Minor in Strategic Studies
For general questions about the minor, contact:
Stephen Quackenbush, Program Director
Political Science Academic Advisor
The minor in Strategic Studies is designed for those students who wish to acquire the knowledge and analytical skills that are critical for working in a career field related to national security. The minor is appropriate for students of almost any major, particularly political science, economics, history, geography, journalism, and engineering. The program is also well suited for students in Army, Navy, or Air Force ROTC, providing a solid background for officers encountering the changing strategic environment of the twenty-first century.
The program affords students a unique opportunity to gain a broad perspective on security issues, allowing focus on areas where they may have additional educational requirements not offered in their chosen major field of study. Students may work for the defense department, national intelligence agencies, or other federal agencies, or any number of jobs related to security in the private and non-profit sectors.
Fifteen (15) credits are required for the minor in strategic studies, selected from the list below. Of these, six hours must be from political science, and three hours must be from military science. Students in the minor must maintain a B average (3.0 GPA) for courses in the minor.
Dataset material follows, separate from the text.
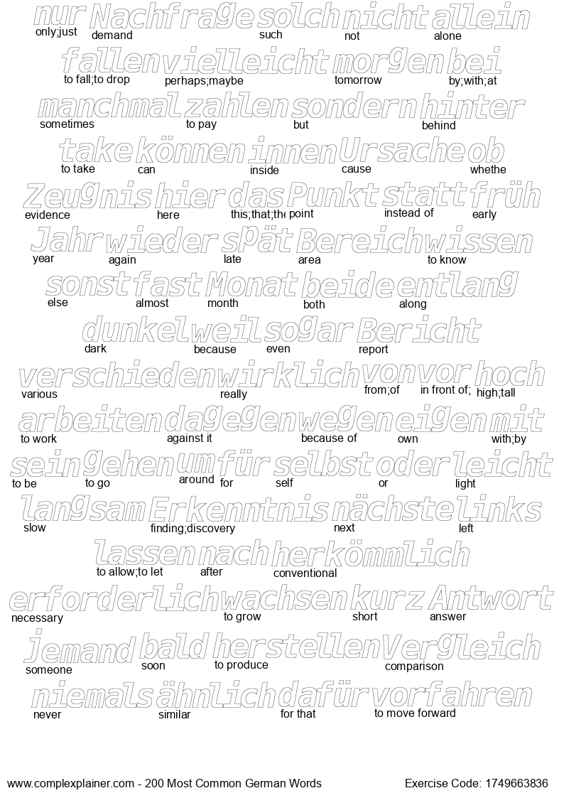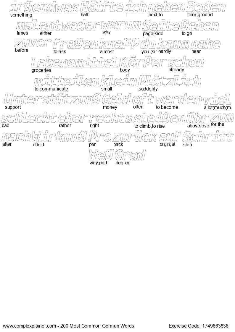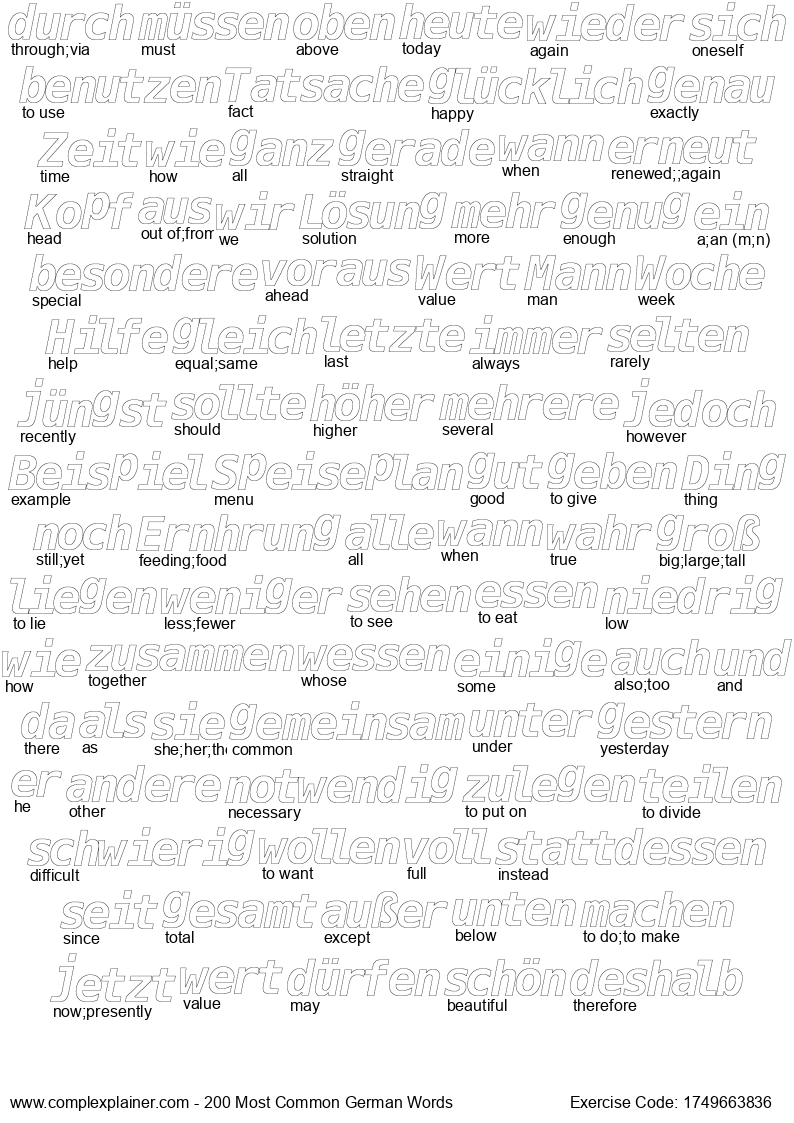 Like coloring book for relaxation? Why not do the activity while at the same time memorizizing top 200 German words? Download and print the pages below. The words are based on 50 articles on some German news sites.

|Select from the courses below|
|POL_SC 4410||Politics and War||3|
|POL_SC 4411||Genocide, Terrorism and Civil War||3|
|POL_SC 4412||Strategy and Warfare||3|
|POL_SC 4540||American Foreign Policies||3|
|MIL_SC 3160||Death by a Thousand Cuts: Counterinsurgency/Insurgency the American Experience||3|
|MIL_SC 3161||The American Experience in Vietnam||3|
|MIL_SC 3162||Counterinsurgency in Asia||3|
|MIL_SC 3163||U.S. Military History in the Western Tradition||3|
|HIST 4080||American Foreign Policy from Colonial Times to 1898||3|
|HIST 4250||U.S. Foreign Relations, 1898-1945||3|
|HIST 4260||The Age of Ascendancy: U.S. Foreign Relations, 1945 - Present||3|
As part of the program, new courses are being developed in areas such as coercive diplomacy and human security.